━━━━━ Raw data
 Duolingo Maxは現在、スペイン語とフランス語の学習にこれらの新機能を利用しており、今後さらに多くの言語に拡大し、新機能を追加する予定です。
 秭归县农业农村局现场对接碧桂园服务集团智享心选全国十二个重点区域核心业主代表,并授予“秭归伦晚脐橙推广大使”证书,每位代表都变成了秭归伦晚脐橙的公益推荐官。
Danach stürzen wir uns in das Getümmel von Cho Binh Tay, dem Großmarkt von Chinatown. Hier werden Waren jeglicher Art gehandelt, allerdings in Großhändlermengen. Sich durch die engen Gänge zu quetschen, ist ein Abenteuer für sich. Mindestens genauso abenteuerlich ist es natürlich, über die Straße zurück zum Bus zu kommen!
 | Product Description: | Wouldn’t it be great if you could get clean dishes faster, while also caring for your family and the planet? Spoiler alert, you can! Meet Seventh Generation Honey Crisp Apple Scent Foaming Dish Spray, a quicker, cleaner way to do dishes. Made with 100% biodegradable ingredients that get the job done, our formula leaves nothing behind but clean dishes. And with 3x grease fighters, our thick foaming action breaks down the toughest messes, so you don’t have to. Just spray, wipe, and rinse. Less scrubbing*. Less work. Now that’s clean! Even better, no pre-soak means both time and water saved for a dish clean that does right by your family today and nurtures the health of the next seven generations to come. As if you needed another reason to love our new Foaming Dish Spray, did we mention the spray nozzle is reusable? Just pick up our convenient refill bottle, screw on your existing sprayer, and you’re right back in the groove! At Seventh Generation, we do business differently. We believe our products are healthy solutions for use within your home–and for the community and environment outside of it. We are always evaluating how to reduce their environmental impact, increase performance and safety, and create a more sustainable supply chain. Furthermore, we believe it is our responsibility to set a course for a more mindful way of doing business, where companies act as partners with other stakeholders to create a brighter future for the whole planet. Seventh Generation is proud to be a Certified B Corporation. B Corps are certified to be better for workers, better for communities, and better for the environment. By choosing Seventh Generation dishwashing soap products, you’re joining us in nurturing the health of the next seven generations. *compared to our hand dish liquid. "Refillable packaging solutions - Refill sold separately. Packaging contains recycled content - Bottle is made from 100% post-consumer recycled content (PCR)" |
━━━━━━━━━━
** About this exercise **
Return exactly, and only, the lines from the start of the listing through the line with "Danach stürzen wir".

** Task result **
 Duolingo Maxは現在、スペイン語とフランス語の学習にこれらの新機能を利用しており、今後さらに多くの言語に拡大し、新機能を追加する予定です。
 秭归县农业农村局现场对接碧桂园服务集团智享心选全国十二个重点区域核心业主代表,并授予“秭归伦晚脐橙推广大使”证书,每位代表都变成了秭归伦晚脐橙的公益推荐官。
Danach stürzen wir uns in das Getümmel von Cho Binh Tay, dem Großmarkt von Chinatown. Hier werden Waren jeglicher Art gehandelt, allerdings in Großhändlermengen. Sich durch die engen Gänge zu quetschen, ist ein Abenteuer für sich. Mindestens genauso abenteuerlich ist es natürlich, über die Straße zurück zum Bus zu kommen!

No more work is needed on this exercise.